Stored entries
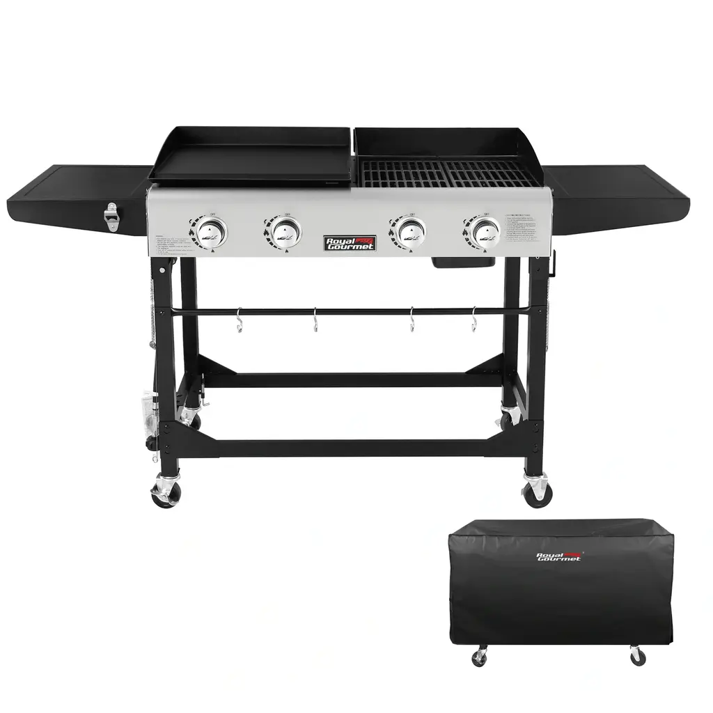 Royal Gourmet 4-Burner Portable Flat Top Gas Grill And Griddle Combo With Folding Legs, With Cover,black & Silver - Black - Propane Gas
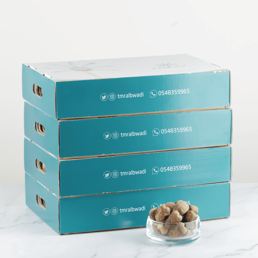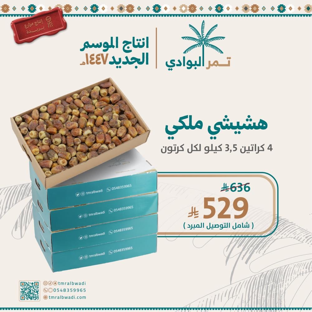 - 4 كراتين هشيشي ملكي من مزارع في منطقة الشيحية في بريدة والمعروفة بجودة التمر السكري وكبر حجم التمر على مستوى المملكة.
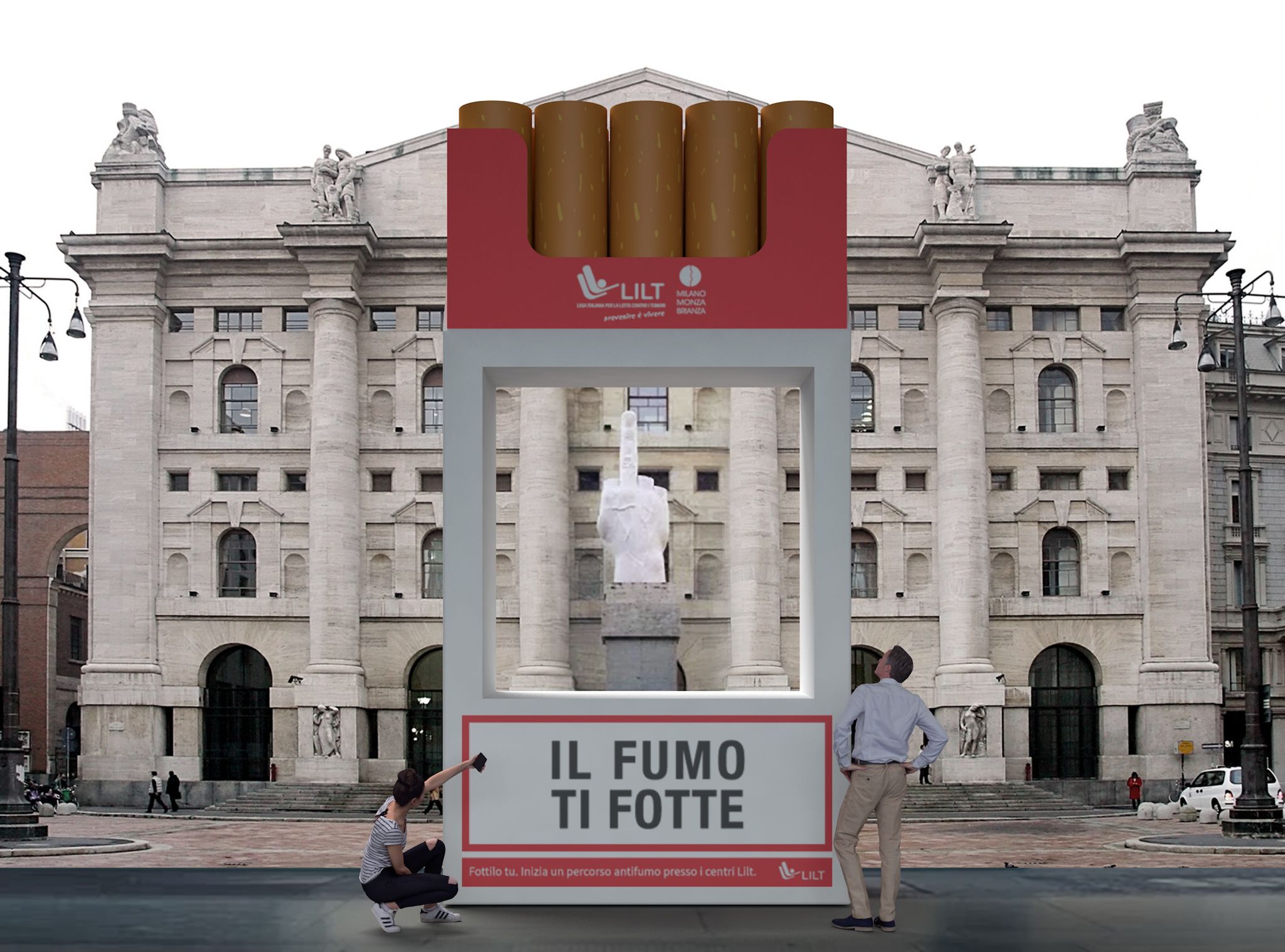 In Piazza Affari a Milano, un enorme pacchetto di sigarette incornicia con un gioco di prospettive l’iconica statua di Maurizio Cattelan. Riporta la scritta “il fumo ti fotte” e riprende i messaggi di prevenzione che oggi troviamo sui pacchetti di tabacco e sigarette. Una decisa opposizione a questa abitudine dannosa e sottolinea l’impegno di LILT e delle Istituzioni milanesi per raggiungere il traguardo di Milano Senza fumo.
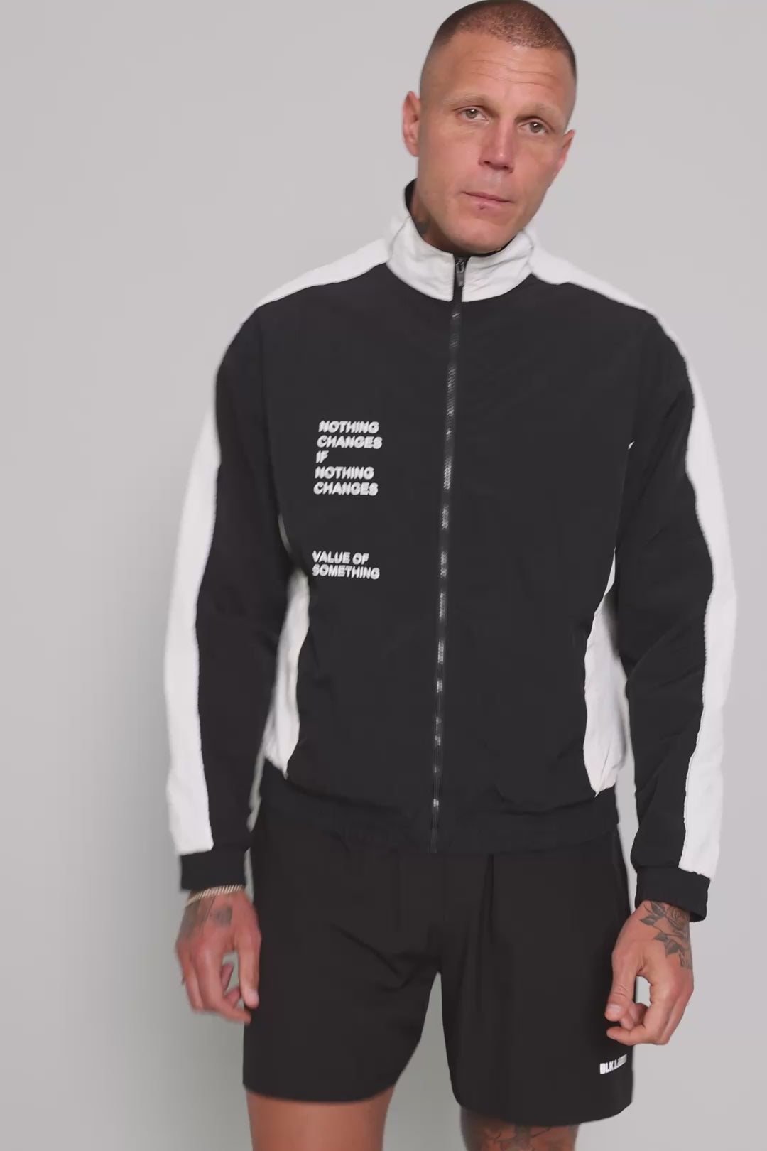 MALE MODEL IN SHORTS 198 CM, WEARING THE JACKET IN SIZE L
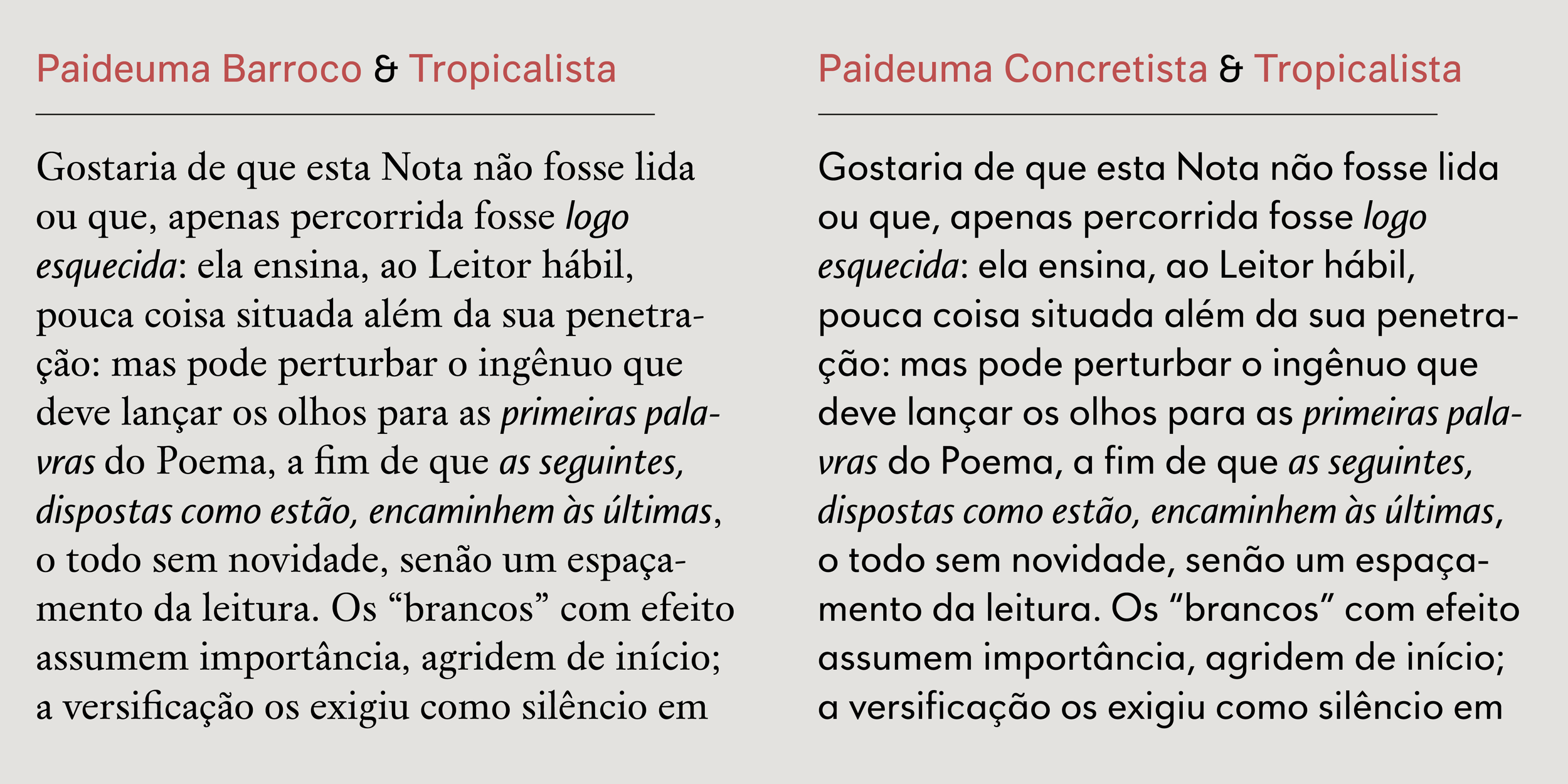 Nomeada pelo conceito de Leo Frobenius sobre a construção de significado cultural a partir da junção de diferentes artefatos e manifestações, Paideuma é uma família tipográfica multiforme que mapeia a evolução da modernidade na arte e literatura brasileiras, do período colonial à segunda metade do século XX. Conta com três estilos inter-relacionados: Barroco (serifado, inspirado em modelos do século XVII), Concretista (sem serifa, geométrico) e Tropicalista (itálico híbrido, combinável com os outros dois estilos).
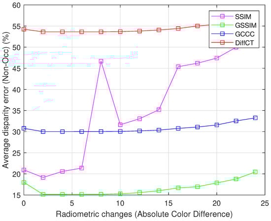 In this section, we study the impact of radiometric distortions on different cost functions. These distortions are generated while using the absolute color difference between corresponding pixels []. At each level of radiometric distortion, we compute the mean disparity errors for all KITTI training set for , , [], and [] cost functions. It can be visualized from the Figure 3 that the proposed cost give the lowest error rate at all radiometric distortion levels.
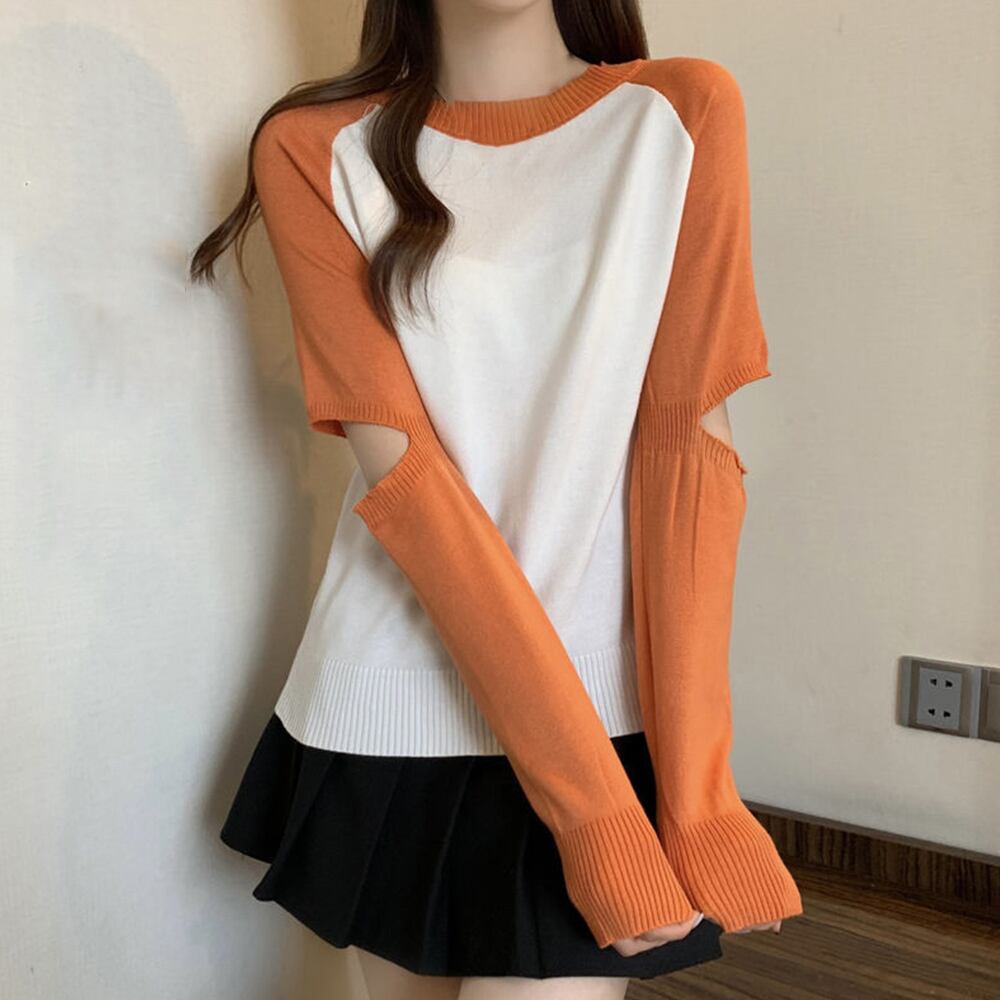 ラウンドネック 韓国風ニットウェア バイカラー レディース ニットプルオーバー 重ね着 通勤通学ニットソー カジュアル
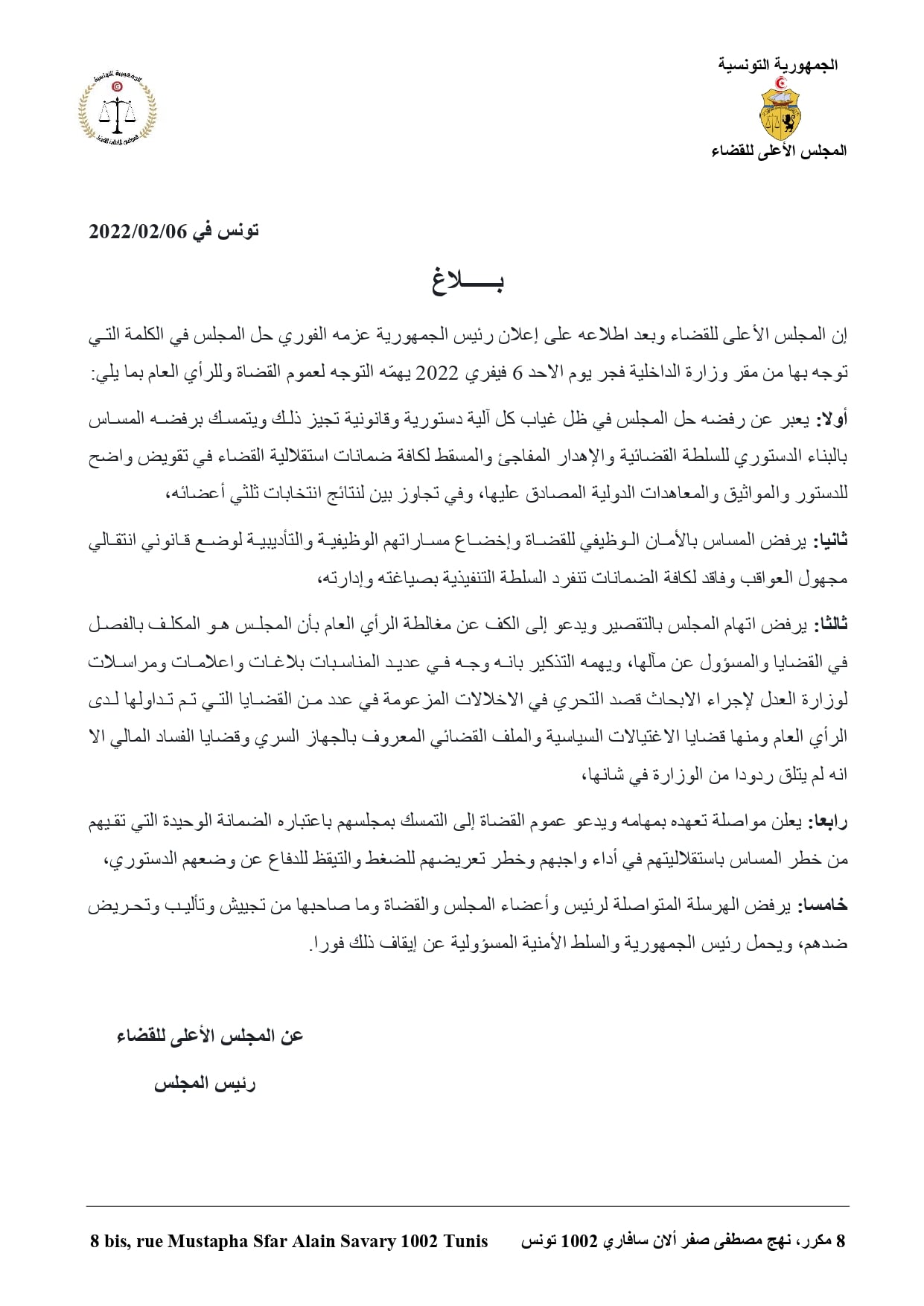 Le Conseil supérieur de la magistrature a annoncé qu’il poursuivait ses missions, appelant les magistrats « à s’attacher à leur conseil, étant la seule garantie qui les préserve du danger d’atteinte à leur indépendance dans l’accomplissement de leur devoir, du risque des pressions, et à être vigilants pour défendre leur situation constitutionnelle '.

Work instructions: Only an exact copy of the lines from the top of the entries through the line with "- 4 كراتين هشيشي", both included, should be given, with all pictures omitted.

Answer box:
 Royal Gourmet 4-Burner Portable Flat Top Gas Grill And Griddle Combo With Folding Legs, With Cover,black & Silver - Black - Propane Gas
 - 4 كراتين هشيشي ملكي من مزارع في منطقة الشيحية في بريدة والمعروفة بجودة التمر السكري وكبر حجم التمر على مستوى المملكة.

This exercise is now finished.